Hillary Clinton Will Campaign With Gabby Giffords's Gun-Safety Bus Tour

With just eight days remaining until the presidential election, Hillary Clinton will be in Cincinnati on Monday night to push for Ohio residents to vote early. She will be joined by two leading gun-safety advocates—former U.S. Representative Gabrielle Giffords and her husband, Navy combat veteran and retired astronaut Mark Kelly.
The appearance at the city's Smale Riverfront Park is both a part of Clinton's push to encourage Americans to vote early and a stop on Giffords's "Vocal Majority" gun-safety tour. Her political action committee, Americans for Responsible Solutions (ARS), is nearing the conclusion of its six week, 14-state bus tour to demand an end to gun violence. The group, which endorsed Clinton in June, began the nationwide tour in Orlando, Florida, the site of the deadliest mass shooting in modern U.S. history, on June 12. Giffords and Kelly, who publicly acknowledge they are gun owners, became supporters of stronger gun legislation after she was shot in the head five years ago during an event at a supermarket in Tucson, Arizona.
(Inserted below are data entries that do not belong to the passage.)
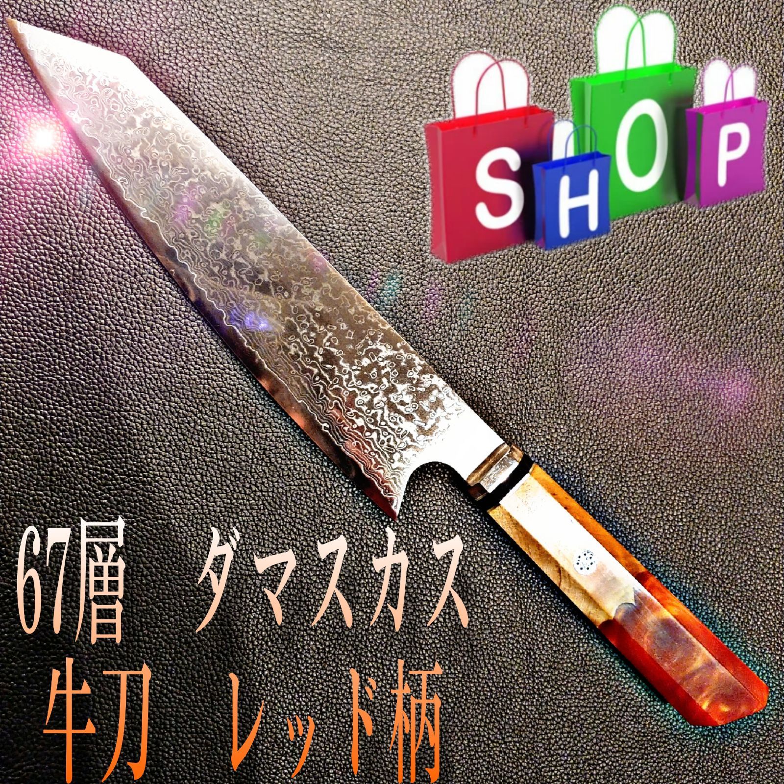 V金10号 67層 ダマスカス包丁 レッド柄 剣型 牛刀 三徳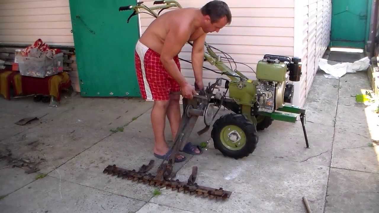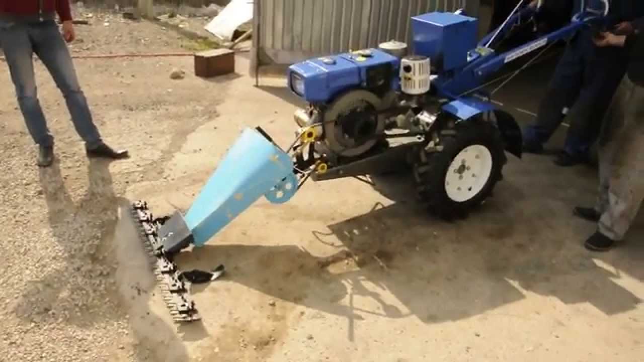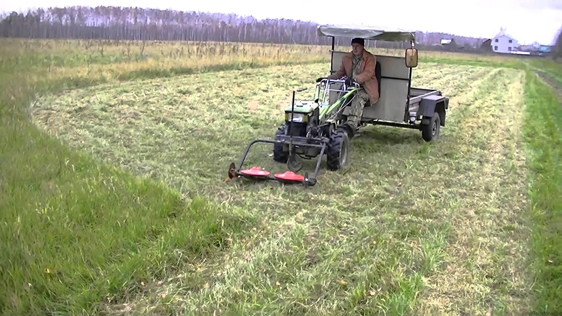 Далее связать косилку с валом отбора мощности мотоблока. Работу косилки-повозки можно посмотреть на представленном видео.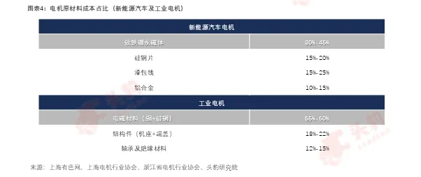 新能源汽车电机的核心需求是 “高功率密度、轻量化”—— 钕铁硼永磁体是永磁同步电机的核心材料,其作用是提升能效、缩小体积,因此占比最高,2023年钕价上涨18%;铝合金则是为了降低电机重量,适配汽车的轻量化要求。

The tour, which lasts through Election Day, is part of ARS's initiative to mobilize millions of voters to make the 2016 election a referendum on gun safety, and to support leaders down the ballot who are committed to taking steps to reduce gun violence.
While making clear she stands behind Americans' Second Amendment rights, Clinton has expressed her support for universal background checks and for preventing terrorists, criminals and others who pose risks to public safety from obtaining guns. Campaigning on the issue, Clinton repeatedly has promised voters that she will take these promises past the general election and into the White House. She is expected to take the stage Monday at 6:15 p.m. Eastern time.
The race in Ohio is neck and neck: A RealClear Politics average covering the state shows Trump ahead of Clinton by 1.5 percentage points. Over the weekend, former President Bill Clinton campaigned for his wife there, and President Barack Obama will kick off a four-day campaign schedule for the Democratic nominee by appearing Tuesday in Columbus.
The Democratic vice presidential nominee, Tim Kaine, carried the campaign's message favoring stronger gun laws when he appeared with the Vocal Majority tour at Florida State University in Tallahassee on Friday. The U.S. senator and former governor of Virginia—the NRA's home state—Kaine called gun violence a "sickness" in the United States. He became an advocate for mental health reform in the wake of the 2007 Virginia Tech massacre.